▶ **Problem**
Would you output the listing exactly, with every image omitted?

▶ **Data extract**
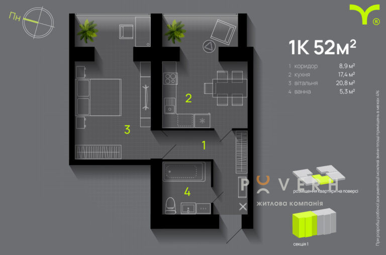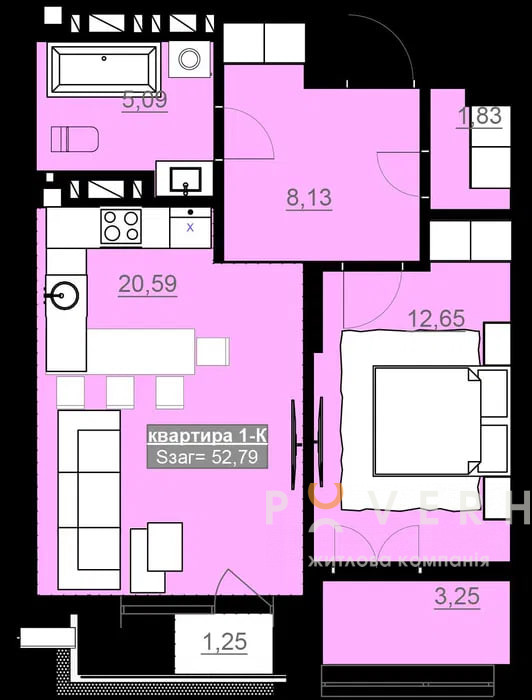 Площа: 51.5 м2
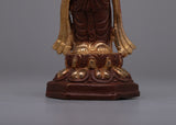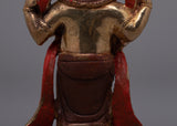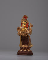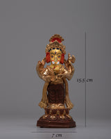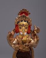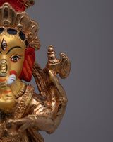 Standing tall at 15.5 cm with an elaborate design that perfectly embodies the essence of the renowned deity, the Ganesh Standing Statue emanates a sense of heavenly presence and majesty. This statue's intricate details, which include its handcrafted copper body and gold plating, attest to the craftsmanship and expertise of the artisans who painstakingly brought it to life. Every detail, from the trunk's soft curvature to the elaborate decorations on the clothing, bears witness to the respect and care that went into making it.
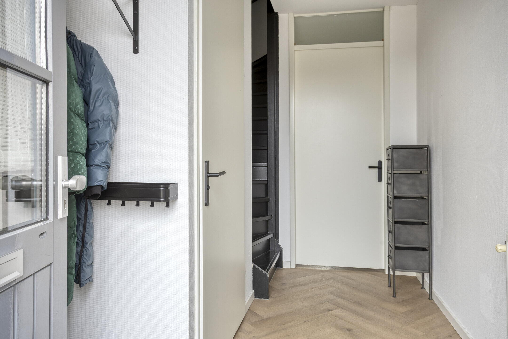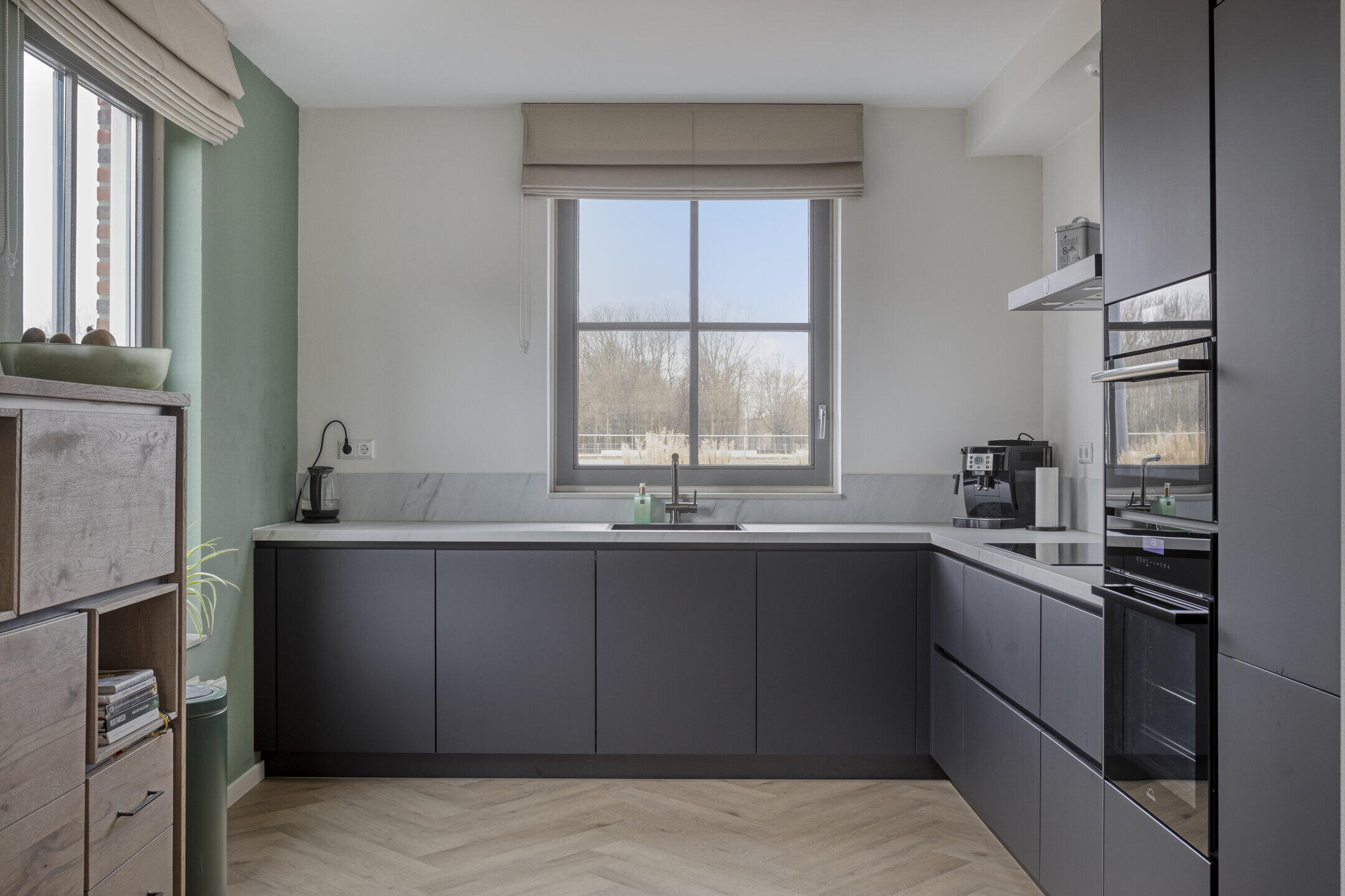 Via de entree met toiletruimte, meterkast en trapopgang bereik je de royale, tuingerichte woonkamer met een fraaie pvc-vloer. Aan de voorzijde van de woning bevindt zich de in 2022 vernieuwde, matzwarte leefkeuken, uitgevoerd in een praktische L-opstelling. De keuken biedt veel kastruimte, is uitgerust met diverse moderne inbouwapparatuur en vormt een echte eyecatcher. Dankzij de grote raampartijen aan zowel de voor- als zijkant is dit een heerlijk lichte en uitnodigende ruimte.
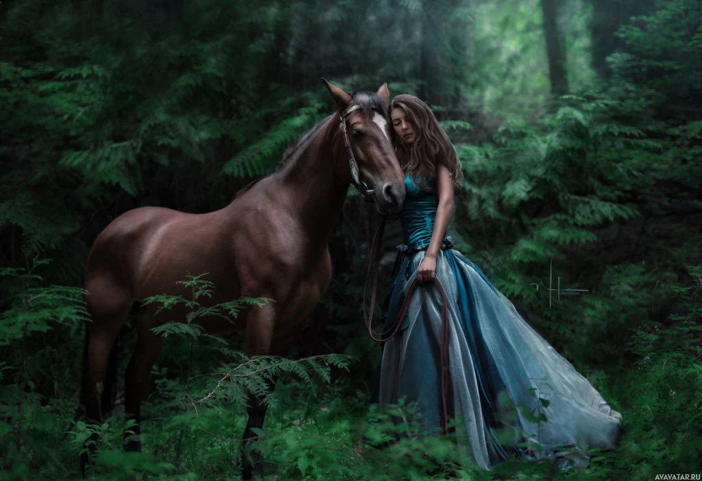 an elegant dress with long sleeves and a flowing skirt. She is wearing heels and has her hair styled elegantly. In front of her, there's a majestic brown horse with a shiny coat and black mane, standing calmly on
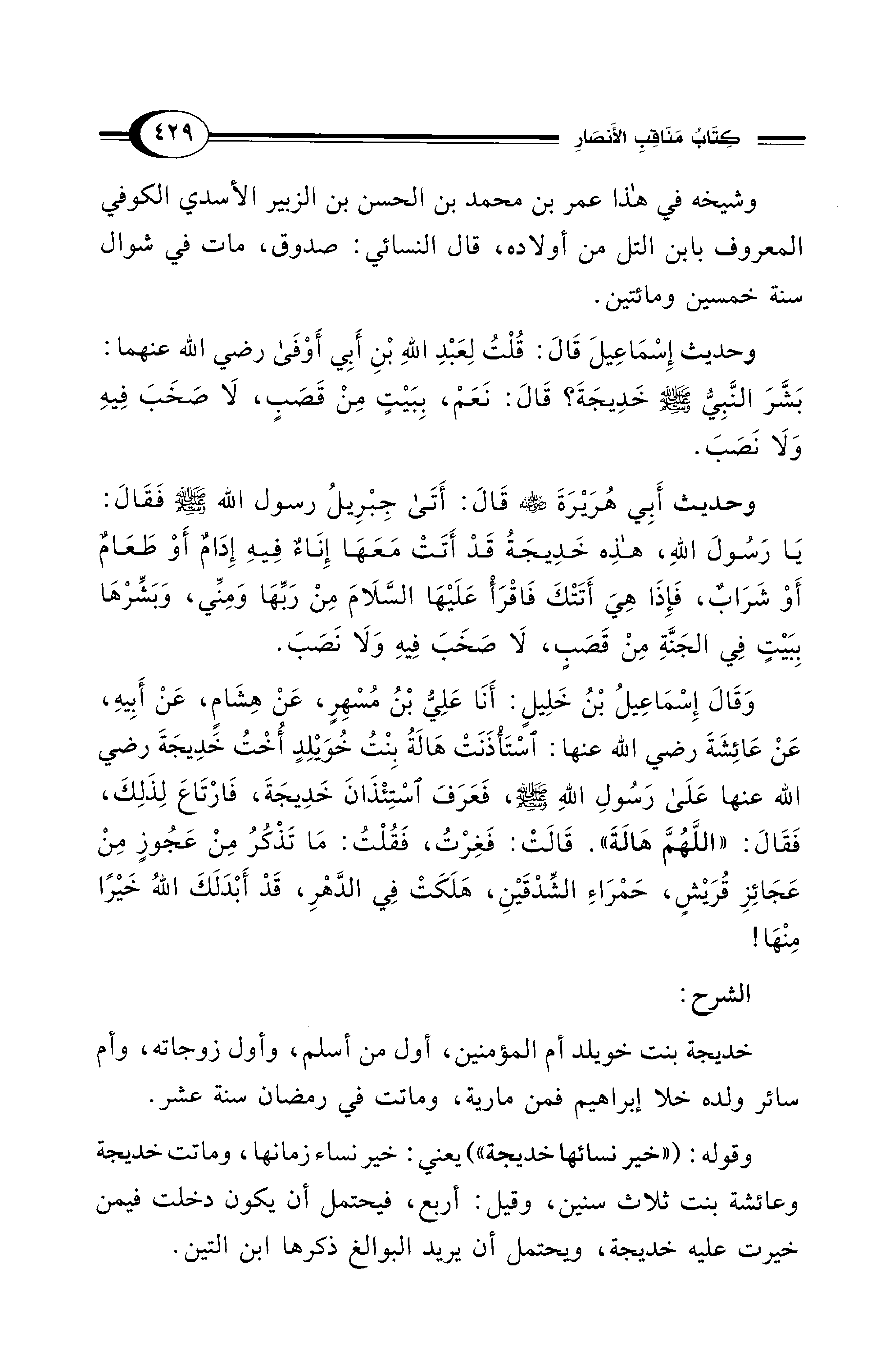 وحديث إِسْمَاعِيلَ قَالَ: قُلْتُ لِعَبْدِ اللهِ بْنِ أَبِي أَوْفَى - رضي الله عنهما -: بَشَّرَ النَّبِيُّ - صلى الله عليه وسلم - خَدِيجَةَ؟ قَالَ: نَعَمْ، بِبَيْتٍ مِنْ قَصَبٍ، لَا صَخَبَ فِيهِ وَلَا نَصَبَ.
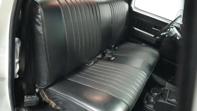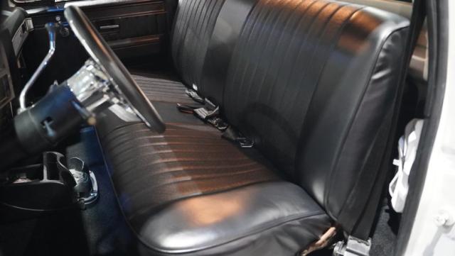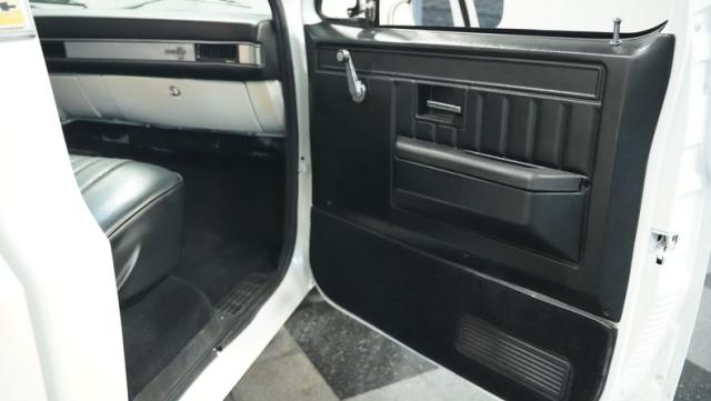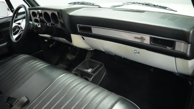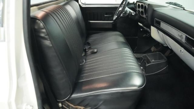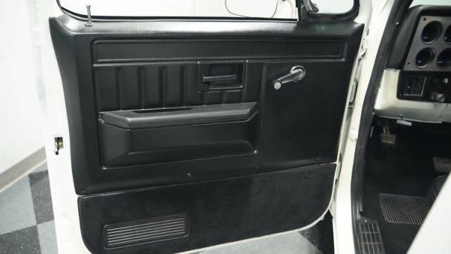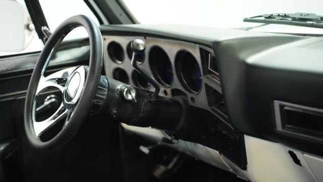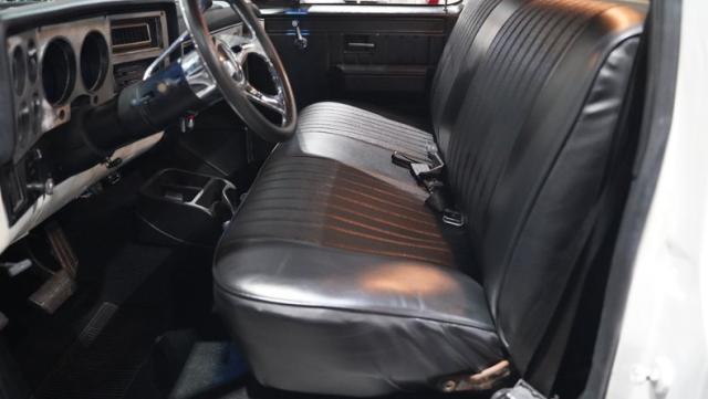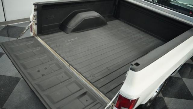 Finished in a custom Pearl White Metallic, the color is contrasted with a blacked-out grill and black spray-on bed liner. A set of black painted factory Chevy truck rally wheels wrapped with 255/70R15 raised white letter General Grabber tires look great and complement the look of this truck\'s lowered stance.
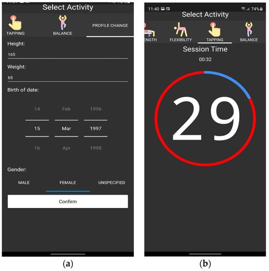 Figure 8. Mobile app: (a) registration form; (b) an example of evaluation process.
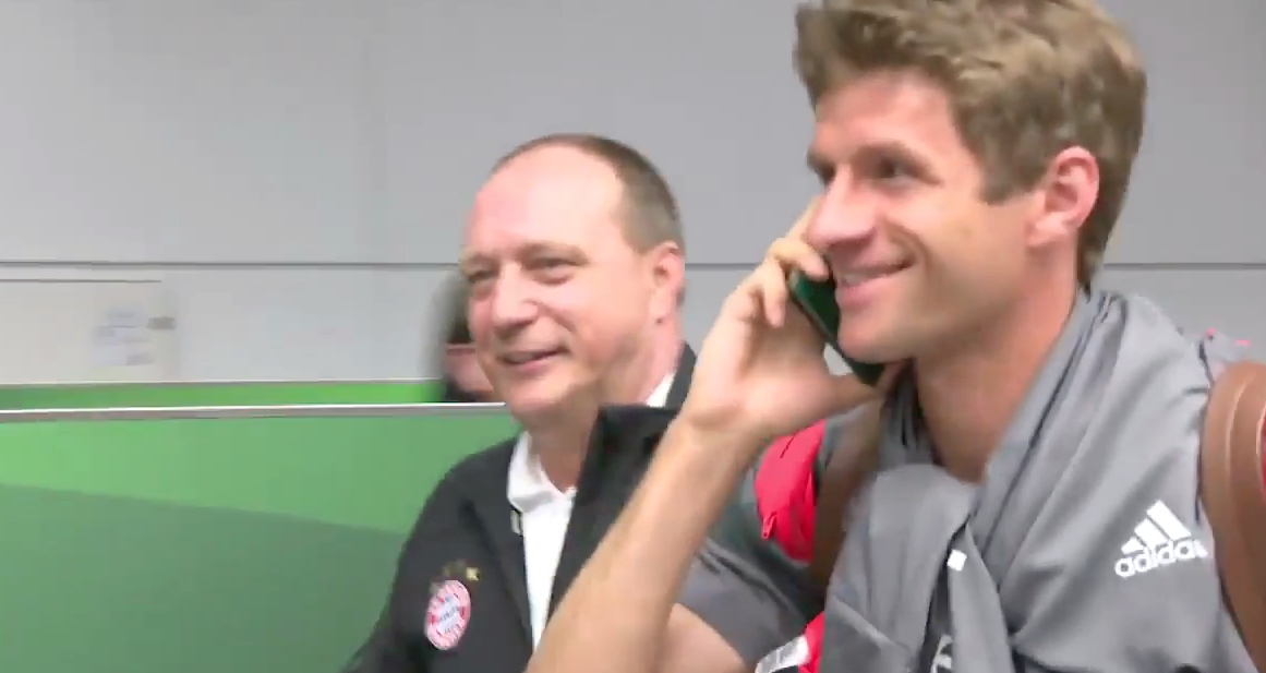 Thomas Müller quiso esquivar a la prensa y terminó haciendo el ridículo. La escena ha tenido lugar este jueves en el Aeropuerto Internacional de Múnich-Franz Josef Strauss, adonde ha llegado el Bayern tras haber disputado el pasado martes un amistoso ante el Eupen, de la segunda división de Bélgica —triunfo por 0-5 para el conjunto dirigido por Carlo Ancelotti—.
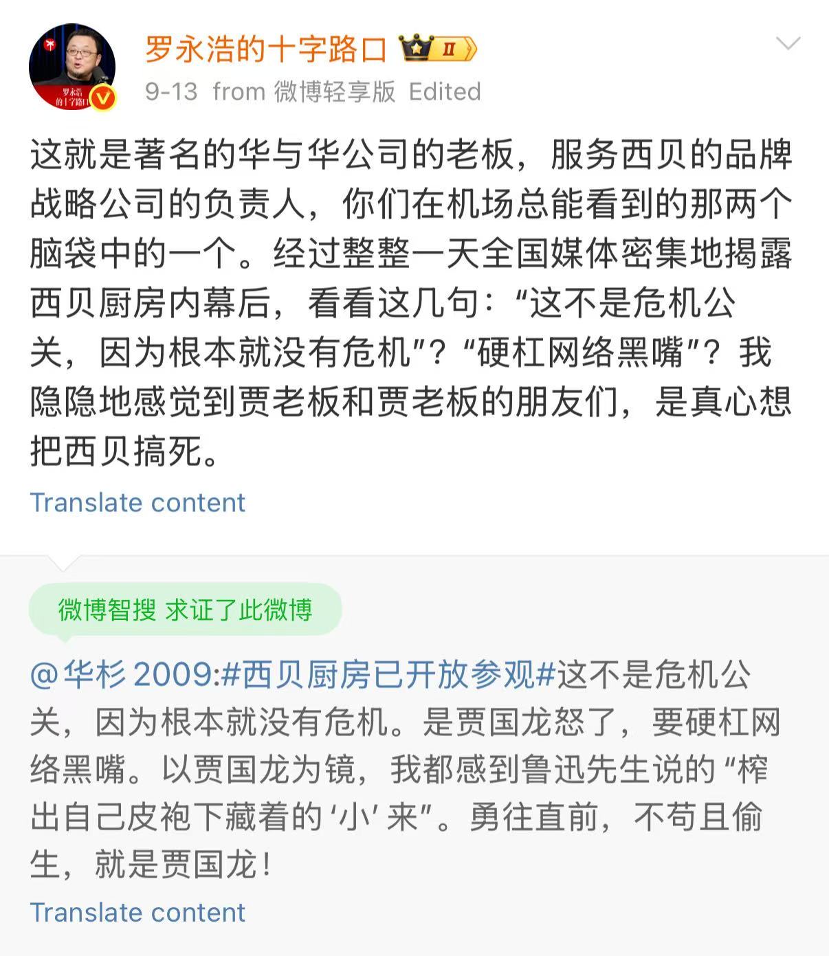9月13日,羅永浩轉發了華杉的微博稱,“這就是著名的華與華公司的老闆,服務西貝的品牌戰略公司的負責人,你們在機場總能看到的那兩個腦袋中的一個……”
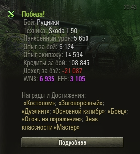 Да не оглушение это жирно будет) Можно башню от т62а и увн -15) А если серьезно то танк хорош, просто я на нем "ракую" - союзники бросили фланг, а я пытаюсь сдерживать противников там. Ни разу не получилось) Как тут и писали ранее т50 нужны союзники, которые получают урон. Жаль раньше не послушал, буду теперь исправляться
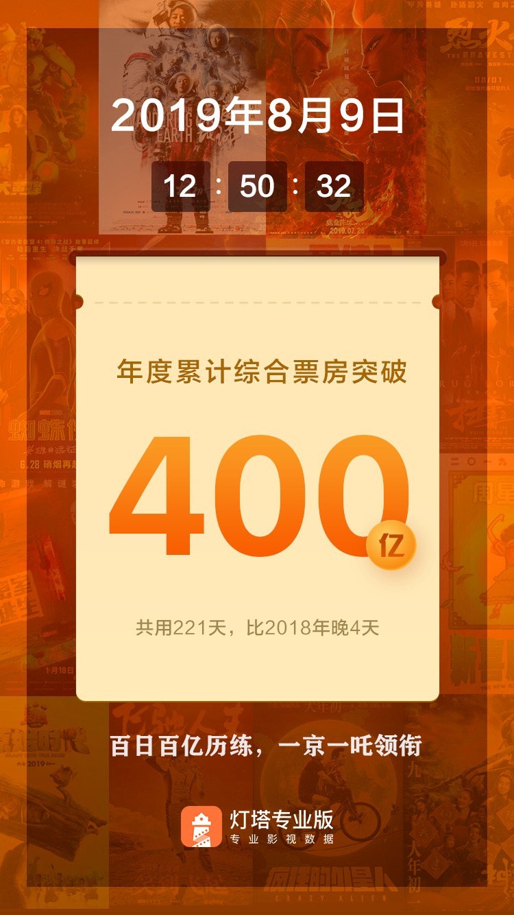 11丨2019年度累计票房:突破400亿。据每日经济新闻,灯塔专业版数据显示,截止2019年8月9日12:50,年度累计综合票房突破400亿元,比2018年晚4天。2019年年度票房前三甲分别为《流浪地球》《复仇者联盟4:终局之战》和《哪吒之魔童降世》,分别斩获票房46.56亿元、42.38亿元和30.89亿元。

▶ **Result below**
 Площа: 51.5 м2
 Standing tall at 15.5 cm with an elaborate design that perfectly embodies the essence of the renowned deity, the Ganesh Standing Statue emanates a sense of heavenly presence and majesty. This statue's intricate details, which include its handcrafted copper body and gold plating, attest to the craftsmanship and expertise of the artisans who painstakingly brought it to life. Every detail, from the trunk's soft curvature to the elaborate decorations on the clothing, bears witness to the respect and care that went into making it.
 Via de entree met toiletruimte, meterkast en trapopgang bereik je de royale, tuingerichte woonkamer met een fraaie pvc-vloer. Aan de voorzijde van de woning bevindt zich de in 2022 vernieuwde, matzwarte leefkeuken, uitgevoerd in een praktische L-opstelling. De keuken biedt veel kastruimte, is uitgerust met diverse moderne inbouwapparatuur en vormt een echte eyecatcher. Dankzij de grote raampartijen aan zowel de voor- als zijkant is dit een heerlijk lichte en uitnodigende ruimte.
 an elegant dress with long sleeves and a flowing skirt. She is wearing heels and has her hair styled elegantly. In front of her, there's a majestic brown horse with a shiny coat and black mane, standing calmly on
 وحديث إِسْمَاعِيلَ قَالَ: قُلْتُ لِعَبْدِ اللهِ بْنِ أَبِي أَوْفَى - رضي الله عنهما -: بَشَّرَ النَّبِيُّ - صلى الله عليه وسلم - خَدِيجَةَ؟ قَالَ: نَعَمْ، بِبَيْتٍ مِنْ قَصَبٍ، لَا صَخَبَ فِيهِ وَلَا نَصَبَ.
 Finished in a custom Pearl White Metallic, the color is contrasted with a blacked-out grill and black spray-on bed liner. A set of black painted factory Chevy truck rally wheels wrapped with 255/70R15 raised white letter General Grabber tires look great and complement the look of this truck\'s lowered stance.
 Figure 8. Mobile app: (a) registration form; (b) an example of evaluation process.
 Thomas Müller quiso esquivar a la prensa y terminó haciendo el ridículo. La escena ha tenido lugar este jueves en el Aeropuerto Internacional de Múnich-Franz Josef Strauss, adonde ha llegado el Bayern tras haber disputado el pasado martes un amistoso ante el Eupen, de la segunda división de Bélgica —triunfo por 0-5 para el conjunto dirigido por Carlo Ancelotti—.
9月13日,羅永浩轉發了華杉的微博稱,“這就是著名的華與華公司的老闆,服務西貝的品牌戰略公司的負責人,你們在機場總能看到的那兩個腦袋中的一個……”
 Да не оглушение это жирно будет) Можно башню от т62а и увн -15) А если серьезно то танк хорош, просто я на нем "ракую" - союзники бросили фланг, а я пытаюсь сдерживать противников там. Ни разу не получилось) Как тут и писали ранее т50 нужны союзники, которые получают урон. Жаль раньше не послушал, буду теперь исправляться
 11丨2019年度累计票房:突破400亿。据每日经济新闻,灯塔专业版数据显示,截止2019年8月9日12:50,年度累计综合票房突破400亿元,比2018年晚4天。2019年年度票房前三甲分别为《流浪地球》《复仇者联盟4:终局之战》和《哪吒之魔童降世》,分别斩获票房46.56亿元、42.38亿元和30.89亿元。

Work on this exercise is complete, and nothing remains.